*TASK DETAILS*. Print exactly the line that contains "- Orchestra –" along with every line beneath it to the end of the records below, and omit pictures.

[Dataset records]
*** Begin section ***
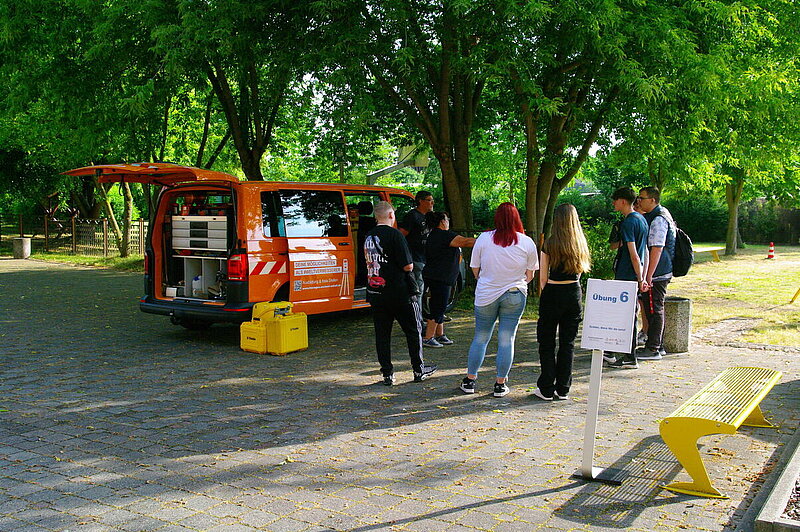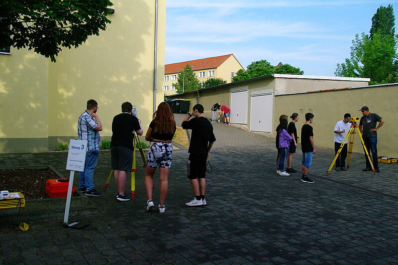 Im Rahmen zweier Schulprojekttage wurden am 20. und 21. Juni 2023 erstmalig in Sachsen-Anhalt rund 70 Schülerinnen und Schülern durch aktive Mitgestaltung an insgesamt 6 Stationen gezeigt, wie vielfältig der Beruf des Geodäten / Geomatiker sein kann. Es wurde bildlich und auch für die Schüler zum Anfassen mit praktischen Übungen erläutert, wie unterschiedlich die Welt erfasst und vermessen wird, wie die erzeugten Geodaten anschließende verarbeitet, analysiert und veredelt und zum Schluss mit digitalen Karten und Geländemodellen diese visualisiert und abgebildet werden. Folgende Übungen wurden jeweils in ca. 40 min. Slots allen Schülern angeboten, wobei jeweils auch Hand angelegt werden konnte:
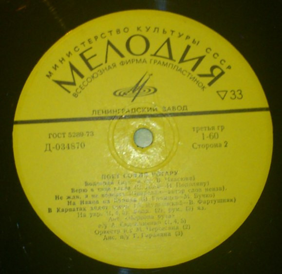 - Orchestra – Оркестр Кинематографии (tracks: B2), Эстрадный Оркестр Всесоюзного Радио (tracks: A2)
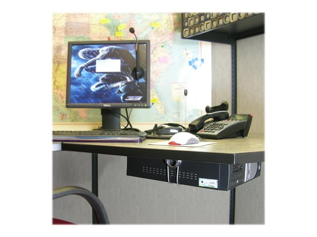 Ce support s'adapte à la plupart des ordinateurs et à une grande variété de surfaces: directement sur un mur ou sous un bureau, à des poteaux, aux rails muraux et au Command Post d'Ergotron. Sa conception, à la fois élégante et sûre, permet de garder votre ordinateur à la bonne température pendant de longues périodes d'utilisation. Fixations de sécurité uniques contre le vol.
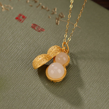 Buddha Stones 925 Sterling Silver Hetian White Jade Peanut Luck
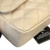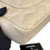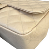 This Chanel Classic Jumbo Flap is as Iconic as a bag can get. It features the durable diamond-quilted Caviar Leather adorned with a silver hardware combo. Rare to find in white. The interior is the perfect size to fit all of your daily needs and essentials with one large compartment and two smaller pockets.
*** End section ***
*SOLUTION*.
 - Orchestra – Оркестр Кинематографии (tracks: B2), Эстрадный Оркестр Всесоюзного Радио (tracks: A2)
 Ce support s'adapte à la plupart des ordinateurs et à une grande variété de surfaces: directement sur un mur ou sous un bureau, à des poteaux, aux rails muraux et au Command Post d'Ergotron. Sa conception, à la fois élégante et sûre, permet de garder votre ordinateur à la bonne température pendant de longues périodes d'utilisation. Fixations de sécurité uniques contre le vol.
 Buddha Stones 925 Sterling Silver Hetian White Jade Peanut Luck
 This Chanel Classic Jumbo Flap is as Iconic as a bag can get. It features the durable diamond-quilted Caviar Leather adorned with a silver hardware combo. Rare to find in white. The interior is the perfect size to fit all of your daily needs and essentials with one large compartment and two smaller pockets.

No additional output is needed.